DATA SECTION:
--------------------------------------------------

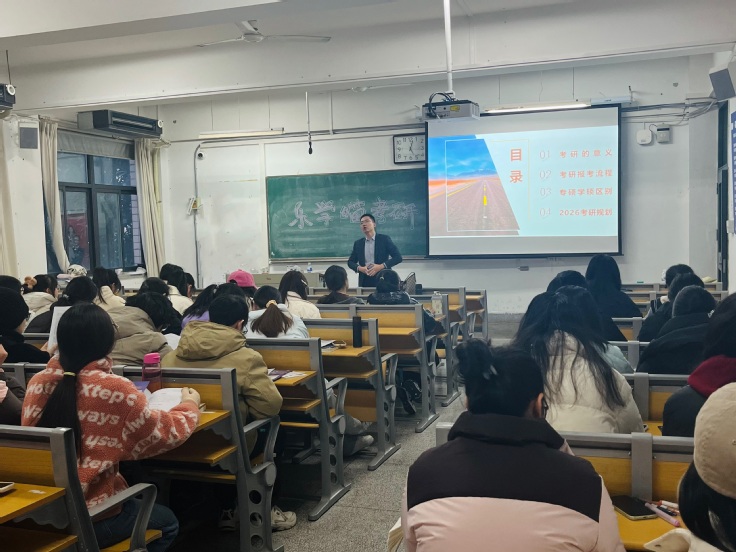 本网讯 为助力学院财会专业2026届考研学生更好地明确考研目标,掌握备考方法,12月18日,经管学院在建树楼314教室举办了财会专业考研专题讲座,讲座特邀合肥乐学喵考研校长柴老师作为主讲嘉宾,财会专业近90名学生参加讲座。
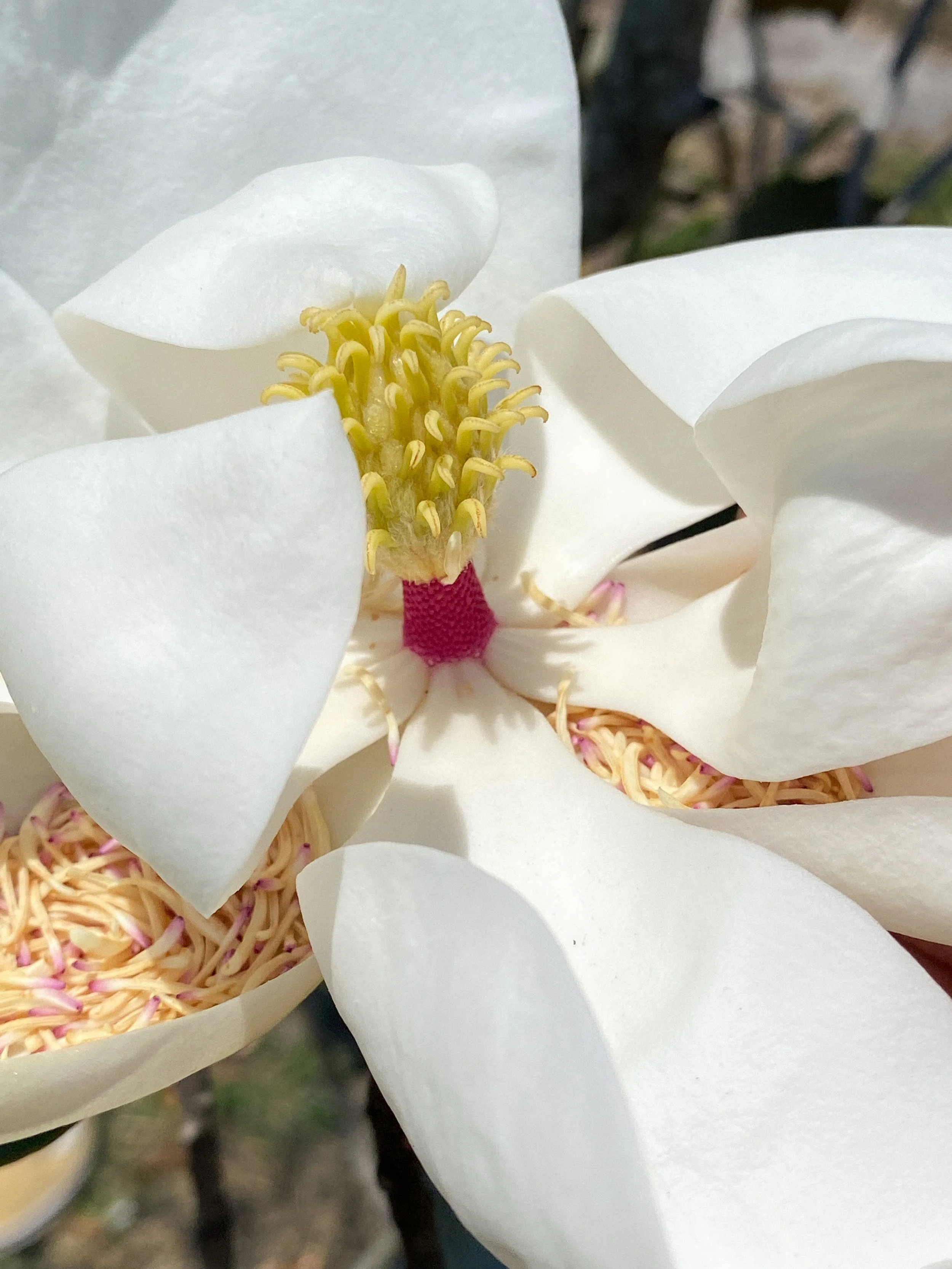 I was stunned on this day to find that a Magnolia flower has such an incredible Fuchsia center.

--------------------------------------------------

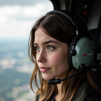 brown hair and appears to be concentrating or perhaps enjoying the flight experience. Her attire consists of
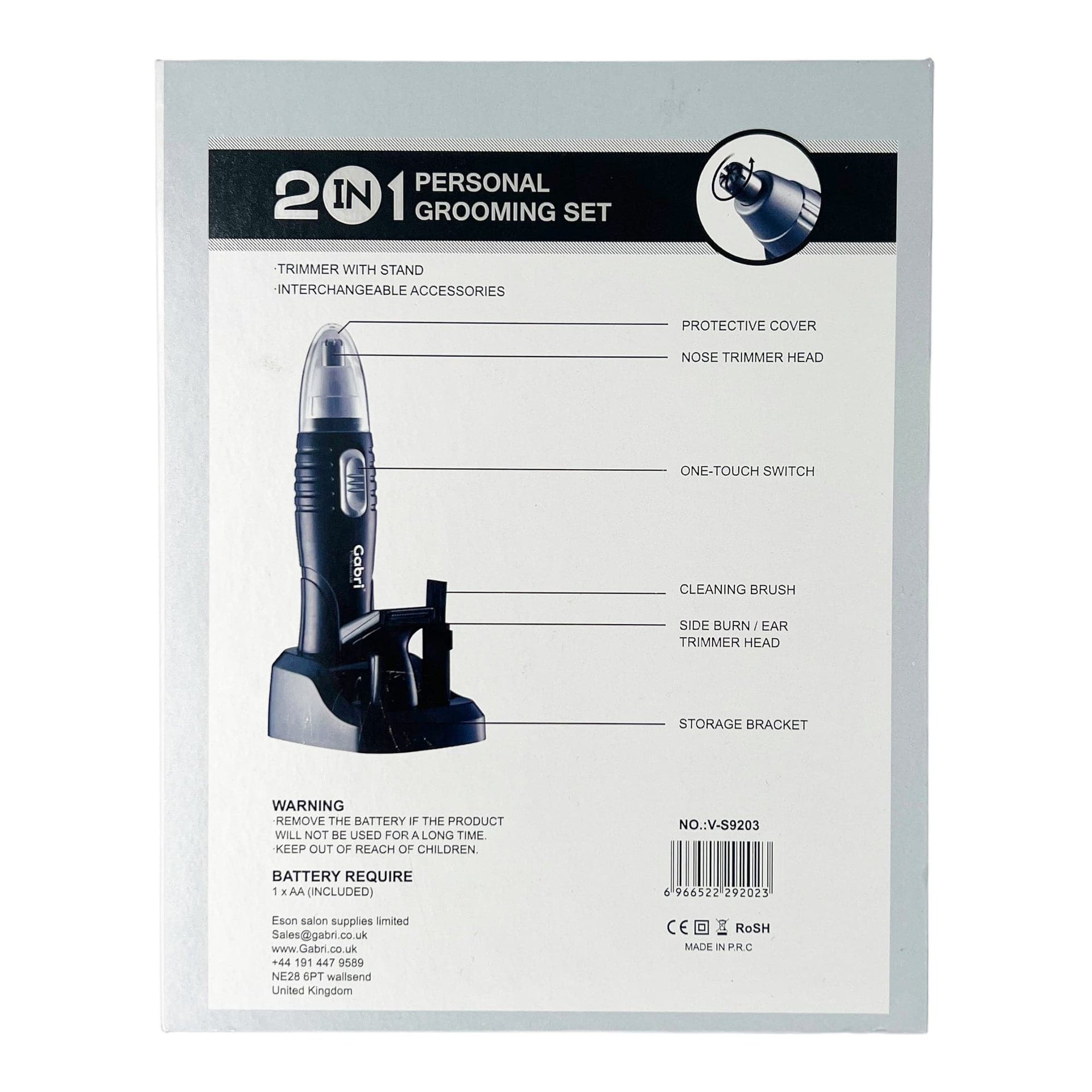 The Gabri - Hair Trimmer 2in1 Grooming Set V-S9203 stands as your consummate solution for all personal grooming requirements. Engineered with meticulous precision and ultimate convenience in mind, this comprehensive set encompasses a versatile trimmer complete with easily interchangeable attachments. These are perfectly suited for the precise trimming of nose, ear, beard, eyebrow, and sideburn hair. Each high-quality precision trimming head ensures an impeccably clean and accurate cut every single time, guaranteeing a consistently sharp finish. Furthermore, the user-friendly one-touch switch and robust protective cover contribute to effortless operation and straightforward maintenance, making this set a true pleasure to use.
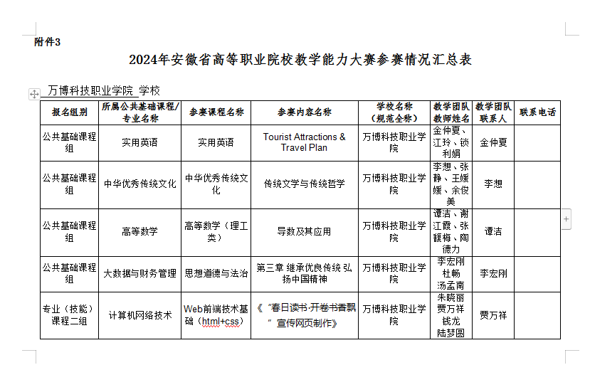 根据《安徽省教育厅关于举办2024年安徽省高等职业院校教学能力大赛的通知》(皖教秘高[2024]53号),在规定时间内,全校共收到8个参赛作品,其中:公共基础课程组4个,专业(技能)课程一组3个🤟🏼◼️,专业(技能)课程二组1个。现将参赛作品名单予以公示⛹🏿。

--------------------------------------------------

Copy the listing above exactly, but only from the line with "本网讯 为助力学院财会专业2" through the line with "I was stunned", including those two lines and excluding any picture.

OUTPUT BELOW:
 本网讯 为助力学院财会专业2026届考研学生更好地明确考研目标,掌握备考方法,12月18日,经管学院在建树楼314教室举办了财会专业考研专题讲座,讲座特邀合肥乐学喵考研校长柴老师作为主讲嘉宾,财会专业近90名学生参加讲座。
 I was stunned on this day to find that a Magnolia flower has such an incredible Fuchsia center.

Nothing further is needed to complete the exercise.